Fender Vintage Noiseless vs. Player Plus Noiseless Pickups

Butch Snyder

ObsoleteChickenPickingologist
I have a Fender Deluxe Nashville Telecaster from 2019. It has Vintage Noiseless pickups and 1Meg ohm pots. I was reading where the Player Plus Nashville Teles have Player Plus Noiseless pickups with 500k ohm pots. My thought is there is really difference and it's just marketing hype. If I'm wring, please let me know. Also, is there much difference in tone, between the 1Meg ohm and 500k ohm pots?
 
i think there is a difference between 500k and 1m, not usually a fan of 1m. cant speak about the pups since i havent tried the player plus models. not a huge fan of the vintage noiseless
 
1M is noticeably brighter compared to 500k to my ear.

I thought there were like at least 4 different Fender Noiseless series pickups? I don't have any familiarity with any of them, though, as I haven't owned any Plus / Vintage / Custom / Artist Fenders.
 
My thought is there is really difference and it's just marketing hype. If I'm wring, please let me know. Also, is there much difference in tone, between the 1Meg ohm and 500k ohm pots?

Pots resistance is just a way to adjust the resonant peak of passive pickups. 1M pots make it higher and narrower than 500k and lower values. Pickups consequently become brighter and thinner sounding when pots are full up (all other factors being equal).

Noiseless pickups often require pots of higher resistance than real single coils because they are naturally duller with less dynamics. It's due to how they're built. The choice of 1M or 500k pots makes sense on this basis.
 
Hey guys, thanks so much for your replies. I'm kind of old school. 250k pots with single coils and 500k pots for humbuckers. Since I'm mainly a Tele player, it's usually 250k. That said, I have a 2019 Fender Deluxe Nashville Tele. It has the Vintage Noiseless pickups and 1M ohm pots. Fender first started using these pickups back in the early 2000s maybe? They were putting them in their American Deluxe Strats and Teles. This series was brand new then. I believe they were also using 250k Pots. Now, the new Player Plus Series uses the same pickups, but calls them a different name and uses 500k pots. Maybe Fender finally found what works best for these pickups?
 
Hey guys, thanks so much for your replies. I'm kind of old school. 250k pots with single coils and 500k pots for humbuckers. Since I'm mainly a Tele player, it's usually 250k. That said, I have a 2019 Fender Deluxe Nashville Tele. It has the Vintage Noiseless pickups and 1M ohm pots. Fender first started using these pickups back in the early 2000s maybe? They were putting them in their American Deluxe Strats and Teles. This series was brand new then. I believe they were also using 250k Pots. Now, the new Player Plus Series uses the same pickups, but calls them a different name and uses 500k pots. Maybe Fender finally found what works best for these pickups?

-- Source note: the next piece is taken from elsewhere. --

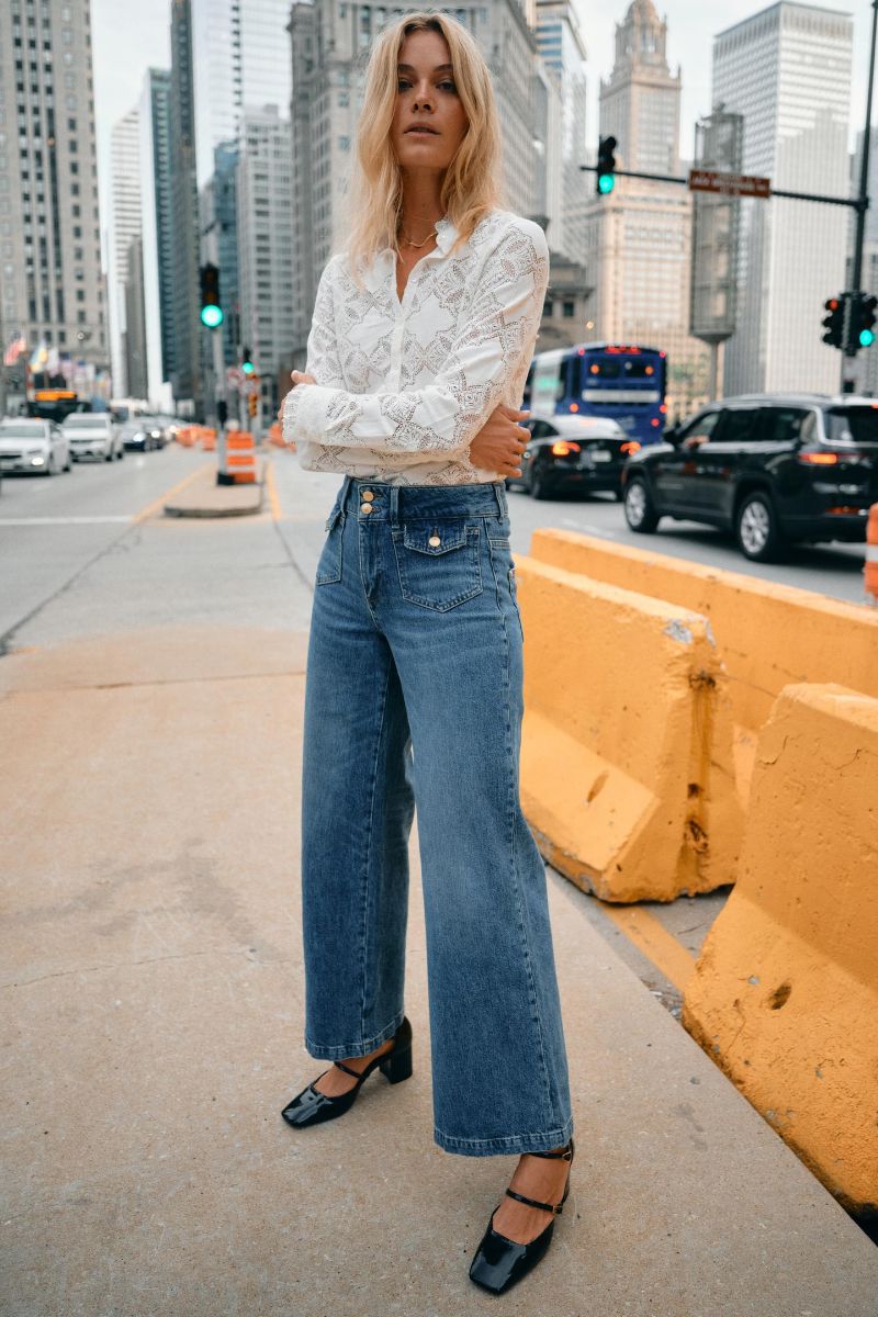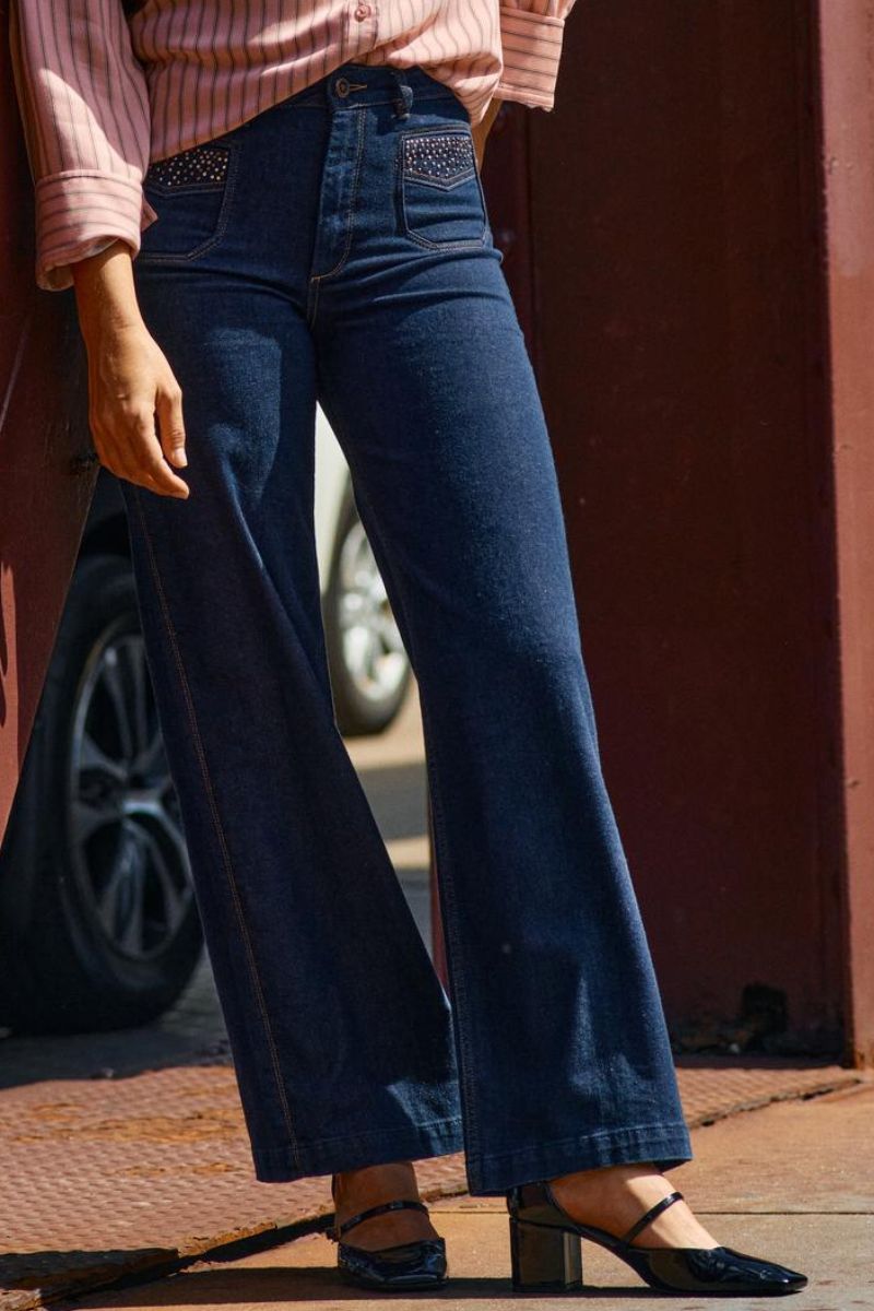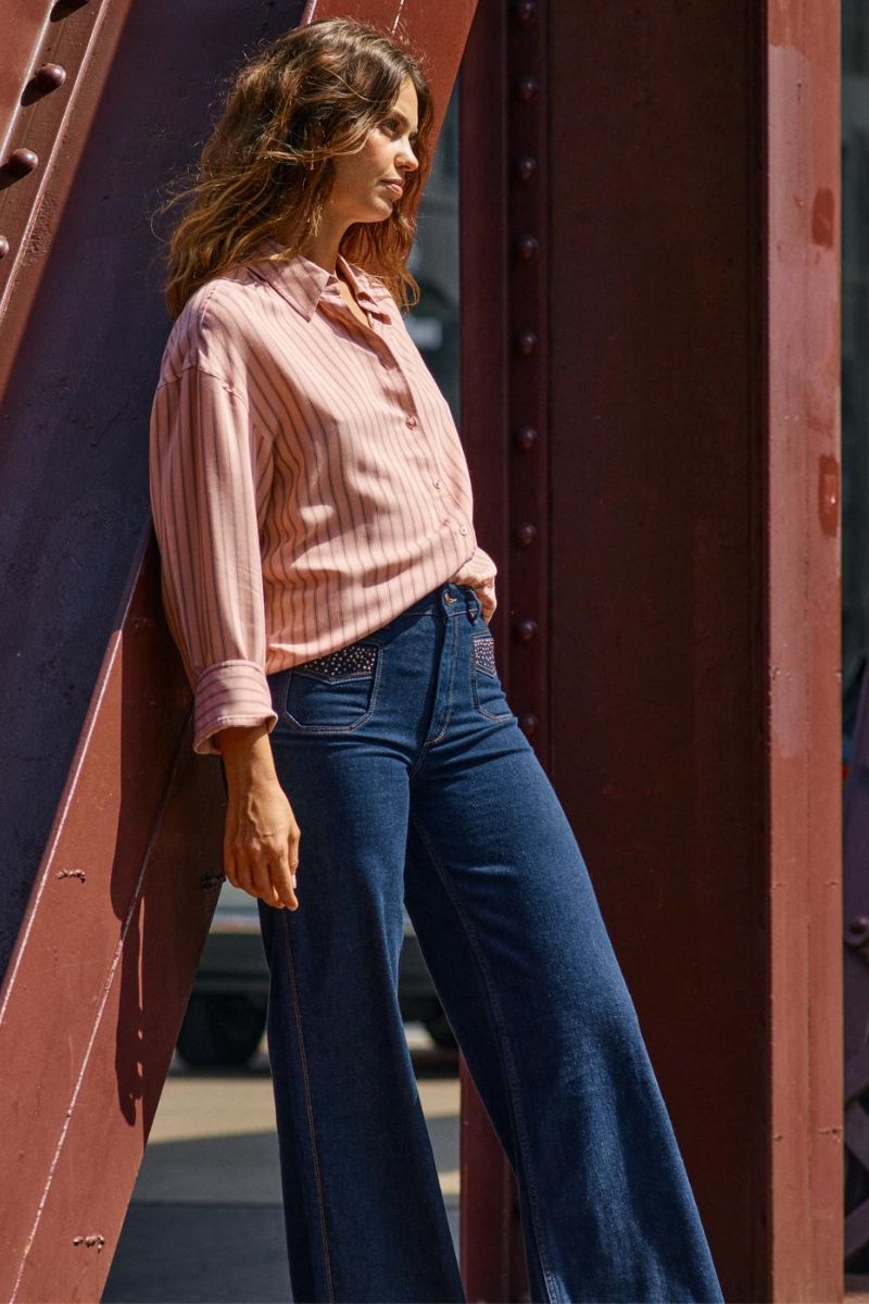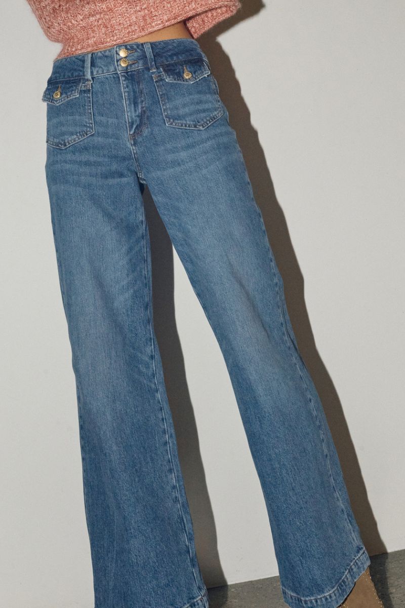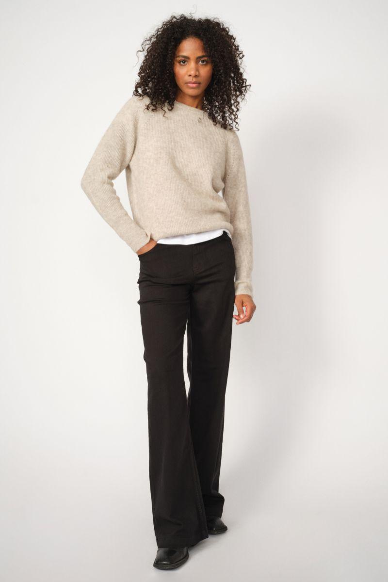 - Flared jeans: En modefavorit, der giver et retro-inspireret udtryk med sin brede bund. Kombiner med høje hæle og en tætsiddende top for et stilfuldt og moderne look.

That's my guess. Old school 'rules' might not work with new pickup designs. They also might be compensating for pickups that are darker than other noise-cancelling designs, so they are designed to be part of a system rather than just the pickups themselves.
 
That's my guess. Old school 'rules' might not work with new pickup designs. They also might be compensating for pickups that are darker than other noise-cancelling designs, so they are designed to be part of a system rather than just the pickups themselves.

Understand that. I noticed that my Vintage Noiseless pickup can be a little shrill and glassy; too much for my taste. I like a warmer Tele pickup tone. Maybe just switching to 500k pots will solve my problem.
 
Understand that. I noticed that my Vintage Noiseless pickup can be a little shrill and glassy; too much for my taste. I like a warmer Tele pickup tone. Maybe just switching to 500k pots will solve my problem.

It is probably the cheapest solution, other than using the tone control on the guitar, or the EQ on the amp.
 
I have a Player Plus Telecaster with Player Noiseless pickups. I have tried both 250k and 500k and, to me, it sounds best with 250k volume and tone pots. To keep the neck pickup from sounding dull, hook the tone knob to the bridge pickup, not to the master volume. That let's the neck pickup shine while keeping the bridge from getting shrill.

As a side note, I have a Strat with Vintage Noiseless pickups and another with Player Noiseless. The two pickup types look the same, but they are not the same. The VN's have beveled Alnico 2 magnets, while the Player Noiseless have taller, non-beveled A5's. The VN's have fat 50's kind of sound, while the PN's seem to have more of a spanky 70's kind of sound to me.

The VN's are much warmer as a result of the softer magnets. The pickups sound pretty good by themselves, but sound choked in the in-between positions. After a lot of tinkering, I found they work best with a 1MEG volume and 500k tones. (I tried 1k tones, like originally supplied on the American Deluxe, but found the taper completely useless. 500k tone pots actually work.)

The Players sound like they have much stronger magnets and a lot less wire. Very bright and spanky...the neck & middle sound is killer! They sound best with 250k pots all around. Too bright with 500k's.